Klartext in Peking gefordert Joachim Gauck muss in China heikle Themen ansprechen

Von Felix Lee

Das muss man Angela Merkel lassen. Bei ihren Besuchen in China hat die Kanzlerin hinter verschlossenen Türen die Menschenrechte gegenüber der Führung in Peking angesprochen. Und zumindest einige Dissidenten haben es dem Einsatz der Bundesregierung zu verdanken, dass sich ihre Haftbedingungen verbessert haben. Trotzdem standen bei Merkels Zusammenkünften mit der kommunistischen Führung die Wirtschaftsbeziehungen stets an vorderster Stelle. Bundespräsident Joachim Gauck dürfte bei seiner aktuellen Reise einen anderen Ton anschlagen.

Gauck werde über die politischen Verhältnisse, über Gesellschaft und Kultur reden, betonte sein Stab. Das Besuchsprogramm bestätigt das: Gauck trifft sich mit Schriftstellern und Vertretern der Zivilgesellschaft, außerdem will er einer Messe von Christen beiwohnen. Höhepunkt seiner Reise dürfte eine Rede vor Studenten der Tongji-Universität in Shanghai werden. Es heißt, die Rede werde mit Gaucks eigener Biografie im Zusammenhang stehen. Es ist also zu erwarten, dass der Bundespräsident wieder einmal über Demokratie und Freiheit sprechen wird. Das ist auch dringend notwendig. China erlebt unter Partei- und Staatschef Xi Jinping eine Verhärtung des Systems, wie es sie seit der Niederschlagung der Demokratiebewegung auf dem Tiananmen-Platz vor 27 Jahren nicht mehr gegeben hat.

Anwälte und Journalisten werden eingeschüchtert, Andersdenkende ohne Anklage im Fernsehen vorgeführt. Auch innerhalb der chinesischen Führungsriege traut sich kaum jemand mehr, Kritik an dem äußerst autoritären Führungsstil zu üben.
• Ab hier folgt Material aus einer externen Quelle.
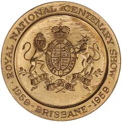 ROYAL NATIONAL CENTENARY SHOW, Brisbane 1859-1959, in bronze (52mm), by Myers & Co, (C.1959/6) (this ...

Deutschland genießt in China hohes Ansehen, der Handel zwischen beiden Ländern boomt immer noch, trotz Chinas nachlassendem Wirtschaftswachstum. Doch das harte innenpolitische Vorgehen der Pekinger Regierung beeinträchtigt längst auch das deutsch-chinesische Verhältnis. Ein zentraler Pfeiler der Zusammenarbeit war stets der gesellschaftliche Austausch. Nun stehen auch ausländische Stiftungen, Institute und Nichtregierungsorganisationen in China massiv unter Druck. Und selbst die zum Teil jahrzehntealte wissenschaftliche Zusammenarbeit leidet.

China ist nicht nur als gigantischer Absatzmarkt für die deutsche Exportwirtschaft wichtig. Die Volksrepublik ist auch unverzichtbar etwa beim Klimaschutz, bei der weltweiten Armutsbekämpfung, bei sozialen und nicht zuletzt in friedenspolitischen Fragen. Entwickelt sich China hingegen zu einer immer unerbittlicheren Autokratie, hat das Auswirkungen auf andere Länder dieser Welt. Für Russland, Ungarn und die Türkei ist China bereits Vorbild.

Gauck mit seiner Biografie ist die richtige Person am richtigen Ort, um auch heikle Themen anzusprechen. Man darf erwarten, dass er das mit der gewohnten Klarheit auch tut.